The motion to deviate advised the court that Mr. Caruso had fully accepted his guilt and already made restitution in full to the IRS and to the two insurance companies that he had defrauded. Additionally, he had paid the forfeiture equal to $93,430.00 for his fraudulent insurance transactions, pursuant to the mail fraud statute.
Also, Mr. Caruso’s submission to the judge noted that the majority, but not all, of the unreported wages, were paid to individuals who plowed snow for the Caruso Companies and who had requested they be paid in cash. Mr. Caruso admitted the wrongfulness of his conduct, but his intentions were “to motivate employees to show up to work during and shortly after snowstorms to get the job done.”
Mr. Caruso’s motion, however, went far beyond stating he had made restitution and had foolishly paid his snowplow workers in cash to get them to work.

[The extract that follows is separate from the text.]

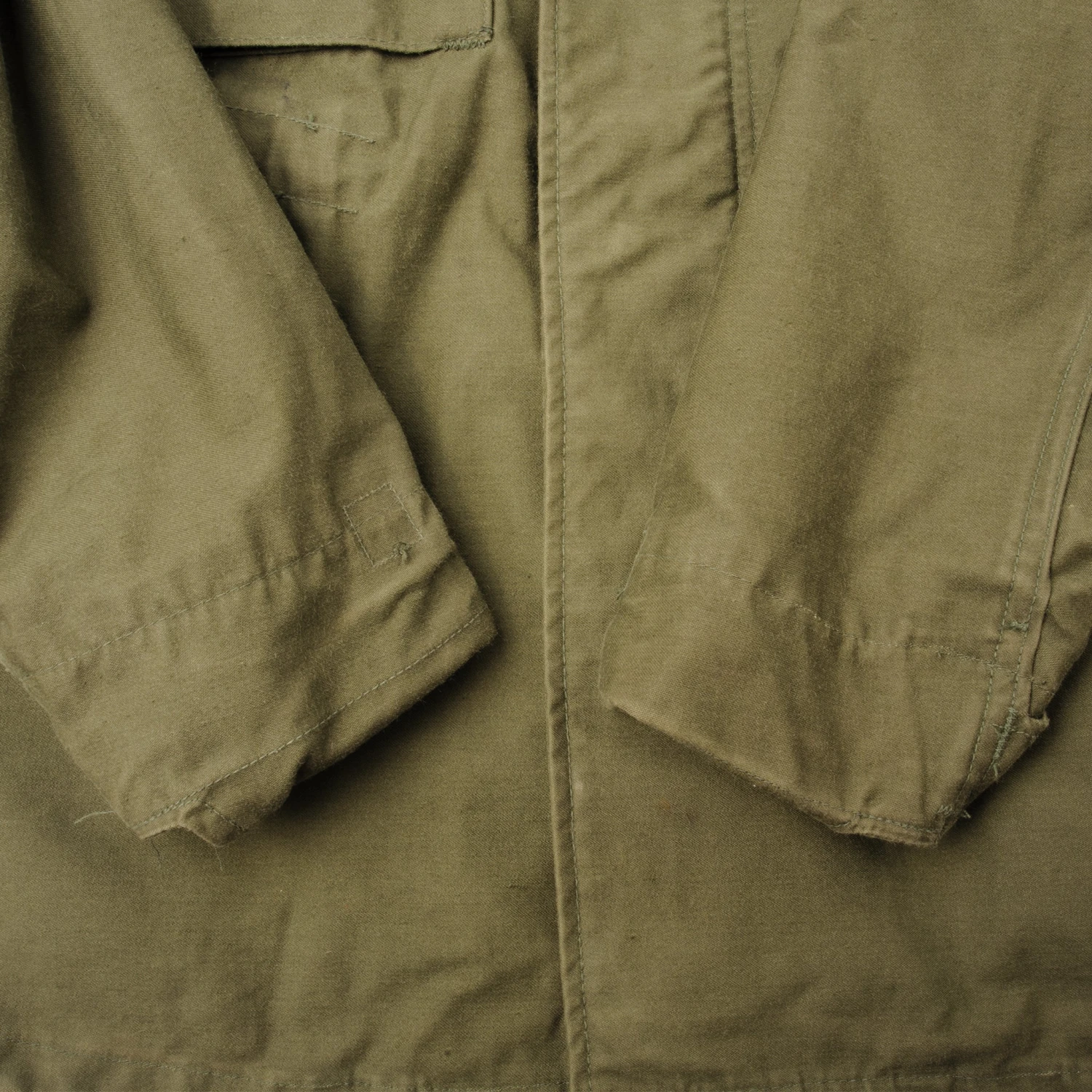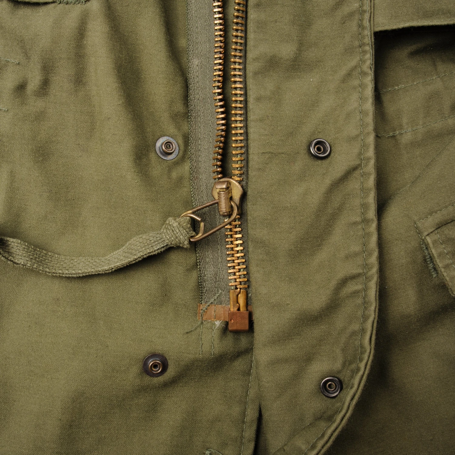 The hip length M1965 cold weather coat was made from OG-107 water repellent and wind resistant cotton-nylon sateen and had a zip front closure and Velcro cuff fasteners. The two bellows type chest pockets and two lower inside hanging pockets were closed by snap fasteners and the hood was zipped into the back of the coat’s rounded collar. Like its M1951 predecessor it had both waist and hem drawstrings and could be fitted with a detachable liner.

Over sixty persons submitted letters on Mr. Caruso’s behalf, including a court clerk, active and retired police officers, a former prosecutor, officers of charities, friends, and family. All praised Mr. Caruso as “a very giving person;” as a person who gave his time and money to local charities, as a person who is “always helping others,” “always supporting the underdog,” and who “never asks for anything in return;” as someone who “has the rare quality of treating the janitor and the CEO of a company in the exact same way” and as someone who has “taken friends ‘off the street’ who have lost their homes, with no place to go, into his own home and given them a chance to make a comeback.”
The motion also detailed that a prison sentence for Mr. Caruso could have serious, if not fatal, consequences. The motion asked the sentencing judge to consider that, as established by his medical records submitted under seal, Mr. Caruso suffered from several serious medical conditions, included:
(1) significantly blocked cardiovascular arteries.
(2) a significantly weak and enlarged heart that poses an imminent risk of sudden death.
(3) a significant lipid disorder; and
(4) prostate cancer.
Also, he was scheduled to undergo heart bypass surgery which will involve bypassing five or six arteries and replacement of a heart valve.
Mr. Caruso’s board-certified cardiologist opined in a letter to the judge that the stress Mr. Caruso would experience from incarceration could prove to be fatal.
The judge allows Mr. Caruso’s motion for departure from sentencing guidelines
On June 10, 2021, Mr. Caruso had his sentencing hearing before Senior Justice George A. O’Toole.
The United States Attorney, while acknowledging the circumstances concerning Mr. Caruso’s health issues, viewed his crimes differently based upon the way Mr. Caruso had paid employees under the table with cash or checks that did not go through the Caruso companies’ books. The United States recommended to the judge a lesser sentence than the guidelines provided for a sixteen-offense level. However, the sentence the government recommended was for Mr. Caruso to serve a year and a day in federal prison.
The judge sentencing Mr. Caruso did not accept the United States Attorney’s recommendation but instead allowed Mr. Caruso’s motion to reduce the level of Mr. Caruso’s offense level to ten. Thus reduced, the judge could impose a sentence of probation and home confinement.
The federal team that prosecuted Mr. Caruso’s fraud
Acting United States Attorney Nathaniel R. Mendell and Ramsey E. Covington, Acting Special Agent in Charge of the Internal Revenue Service’s Criminal Investigation in Boston, made the announcement concerning the sentencing of Mr. Caruso while Assistant U.S. Attorney Victor A. Wild of Mendell’s Securities, Financial & Cyber Fraud Unit prosecuted the case.